Optionally, internal pressure is applied to the newly formed
channels after the overcollapsing process to maintain a desired
shape of the channel. Lastly, a fiber drawing process is performed
on the overcollapsed preform. During the fiber draw, optionally,
internal pressure can be applied to the fiber channels to form
holes, such as holes 106A-D and 107A-F, described above, having a
desired shape for a particular application.
[0039] For example, an exemplary process of manufacturing a
hole-assisted fiber can be described in more detail with reference
to FIGS. 3A and 3B. As shown in cross-section view in FIG. 3A, an
appropriate glass rod or starting preform 301 can be utilized. The
starting rod or preform can be a conventional silica material, with
a core 302 and/or cladding region 304 formed as deposited layers
having higher and lower indices of refraction. The manufacturing
process described herein allows the fiber manufacturer to utilize
existing or conventional single mode and multimode preform
constructions (having known refractive index profiles). For
example, the starting preform 301 can be formed using, e.g., a
conventional chemical vapor deposition process, such as MCVD or a
conventional variant thereof. Other suitable starting preforms can
include conventional quartz or silica bar materials. For example,
an undoped silica rod, such as that available from Haraeus Tenero,
Buford, GA, can be utilized.
[0040] After the starting rod or preform is prepared, one or more
slots 306 (FIG. 3A shows four such slots) can be formed in the
starting rod or preform 301. The slots are formed around the
perimeter of the rod/preform at equal or unequal spacings and have
a depth that extends radially towards the preform core region. For
example, FIG. 3A shows for slots 306 equally spaced about a
perimeter of preform 301. In a preferred aspect, a diamond cutting
blade, e.g., such as a diamond coated grinding wheel, having a
width of about 0.050'' to about 0.060'', or a similar conventional
surface grinder apparatus, can be used to grind a slot from the
outer surface of the glass preform 301 radially towards the center
of the rod. The grinding process may include multiple passes along
the length of the fiber preform. Depending upon the preferred
design, multiple slots with depths of from 0.122'' to 0.17541 can
be fabricated; however the depth can depend on parameters such as
the preform diameter, the number of slots, and the slot width. In
this respect, the starting preform 301 can be secured on an MCVD
lathe, or similar platform, during the grinding/cutting process
using, e.g., a conventional clamping mechanism.
[0041] In a preferred aspect, the slots are formed along the entire
longitudinal or axial length of the preform or starting rod.

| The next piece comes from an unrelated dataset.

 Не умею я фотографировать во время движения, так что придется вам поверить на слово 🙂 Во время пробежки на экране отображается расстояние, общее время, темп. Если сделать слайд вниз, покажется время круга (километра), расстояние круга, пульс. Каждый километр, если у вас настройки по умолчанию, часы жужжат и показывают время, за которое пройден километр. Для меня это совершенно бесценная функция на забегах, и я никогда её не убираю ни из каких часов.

Alternatively, the slots can be formed along a partial length of
the starting rod or preform. The slots can be formed to a
sufficient radial depth as desired, depending, for example, on the
desired distance from an edge of the cladding hole to the core
region of the fiber. In a preferred aspect, the depth of slot(s)

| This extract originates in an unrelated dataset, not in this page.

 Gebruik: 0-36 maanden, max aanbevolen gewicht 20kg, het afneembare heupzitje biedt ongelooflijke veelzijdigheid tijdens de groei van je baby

306 is maintained at the same depth along the entire length of the
slot(s), such that the depth of each of the slots should be
substantially equal around the core. The cutting depth can be
controlled by conventional grinding techniques.
[0042] Optionally, in a preferred aspect, after slot grinding, an
etching process can be utilized to further clean the preform 301
and slots 306. For example, an acid such as HF acid, or a similar
acid, can be utilized to perform etching. Thus, the grinding
technique, in addition to the etching process, can provide clean
slot surfaces formed in the fiber preform, thereby removing
particulate contamination from the ground or cut surfaces, which
can result in result in a stronger fiber with lower attenuation, as
compared to conventional drilling techniques. In addition, the
grinding process described herein can be implemented in mass
production techniques.
[0043] After slots 306 are formed to a desired radial depth, the
slots are then captured or enclosed to form longitudinal or axial
channels 308 (i.e., channels running parallel to the central axis
or core 302 of the preform) that can have openings at either or
both ends of the preform. For example, as shown in FIG. 3B, in a
preferred aspect, the axial channels 308 can be formed by
overcollapsing a glass/silica tubing 310, which thus defines a
perimeter boundary 311 for the channels 308. In one exemplary
aspect, the starting preform or rod 301 is secured on an MCVD lathe
(or similar platform) and is overcollapsed by a fused silica tube
in a conventional manner. As would be apparent to one of ordinary
skill in the art given the present description, more than one
overcollapse tube can also be used in the overcollapse process.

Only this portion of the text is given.